На премьере оперы «Чудесное избавление» Лиза страшно волновалась. Как-никак, первая роль, выученная Лизой в ранге солистки. Партия трудная, изматывающая — героиня переживает трагическую любовь.

Едва закрылся занавес после первого акта, прямо в кулисах девушку встретил суетливый помощник режиссера Захар Суслов. Как всегда, он был пьян. Ухватил Лизу за рукав, едва не порвав казенный костюм, да и зашептал злобно, обдав юную певицу застарелым перегаром:

— Думаешь, примадонной стала? Как же — из грязи в князи!

Лиза потянула рукав. Вырвать-то не осмелилась — а ну как ткань порвется, театральное начальство стоимость костюма из жалованья вычтет. А сценические наряды-то дороги — глядишь, на полгода без денег останешься. На что тогда жить?

Лиза только взглянула умоляюще и попросила:

— Пустите, господин Суслов!

Но Захар уже вошел в раж:

— Ишь чего! Мне плевать на то, что ты теперь певица Невская. Лизка была — Лизкой и останешься! Мне его сиятельство князь Голобородко велели за тобой следить-наблюдать — кабы ты чего не учудила. А ну как я скажу, что ты офицерам из первого ряда кресел глазки строила? Смекни, похвалит тебя князь?

У Лизы тревожно забилось сердце. А ведь скажет, пьяная скотина! За «несанкционированные флирты» особая статья наказания для актерок предусмотрена — на пару дней в холодную. Только Лизе туда нельзя — в том погребе можно и голос потерять. Тогда вообще путь один — на улицу…

— Не правда ваша! — попыталась оправдаться девушка.

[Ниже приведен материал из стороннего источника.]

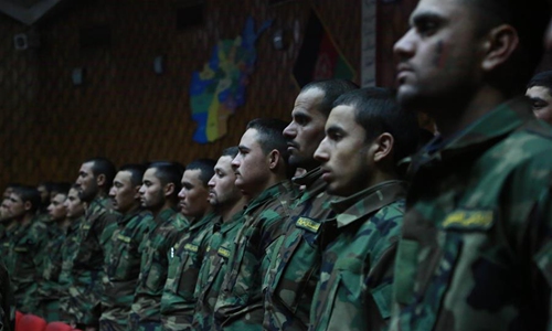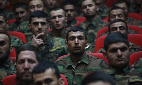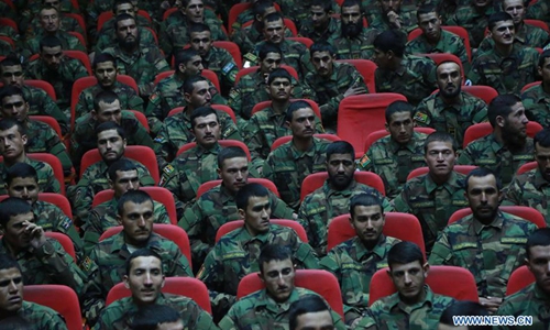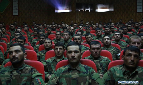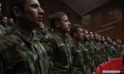 Afghan army soldiers take part in their graduation ceremony at Kabul Military Training Center (KMTC) in Kabul, Afghanistan, Jan. 5, 2020. A total of 1,090 youths were enlisted in the country's national army on Sunday after completing a 12-week military training and receiving certificates, the commander of KMTC said. (Xinhua/Rahmatullah Alizadah)
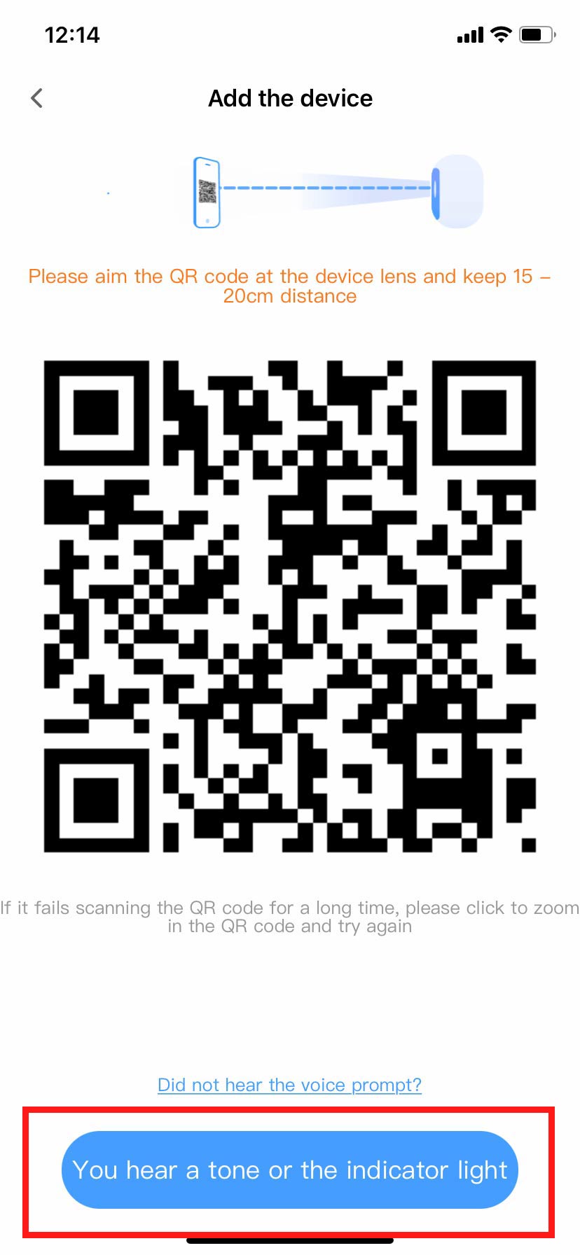 - Scan the camera lens toward the QR code of the phone,(Align the QR code with camera lens at a distance of 10-20cm)Hear a voice prompt, Click "When you hear a beep or a green light” after hearing the beep, Keep the camera case close as possible to the router, The connection process takes about 1-2minutes, after you will hear welcome to use camera.

— А кто поверит? — смачно сплюнул Суслов. — Мое слово против твоего. А твое-то, подкидышное, ничего не значит. Но я же не зверь. Поцелуй меня, Лизка, и я никому ничего не скажу! — И пьяненький Суслов потянулся к девушке липкими губами.

— Вы не смеете! — попыталась отстраниться девушка и, охнув от брезгливости, отпихнула помощника режиссера.

Тот, не ожидая отпора, упал. Глаза налились кровью, и он заорал:

— Ах ты, дрянь! Погодь — изувечу!

Суслов вскочил, шатаясь на пьяных ногах, и пошел на строптивицу. Лиза съежилась. Господи, что же будет?! Теперь и поцелуев не избежать, и в холодную упечет, подлец пьяный!

Суслов занес руку в ударе. Лиза зажмурила глаза. Господь милосердный!.. Кого еще звать на помощь беззащитной девушке? Она же хоть и на императорской сцене, а все равно что в крепости. Только не у помещика какого, а у самой матушки-императрицы.

Но вдруг чья-то сильная рука перехватила занесенную для пощечины ладонь Суслова. Захар крякнул — то ли от удивления, то ли от боли. Лиза открыла глаза. За спиной Суслова стоял, скрутив ему руку, рослый певец Александр Горюнов.

— Ах ты, защитник! — завизжал Захар. — Пусти! Узнаю кто, со свету сживу!

— Попробуй!

Голос Александра прозвучал глухо, но совсем не испуганно, будто угрозы всесильного Суслова его не касались. Он развернул Суслова к себе и гневно спросил:

— Узнаешь, кто я?

Суслов как-то сник. Пихнул юношу, не горячо, а, скорее, для проформы, и пробурчал:

— Ну и дурак, что вмешиваешься! Думаешь, и на тебя не найдется управа? Найдется! Я его сиятельству пожалуюсь.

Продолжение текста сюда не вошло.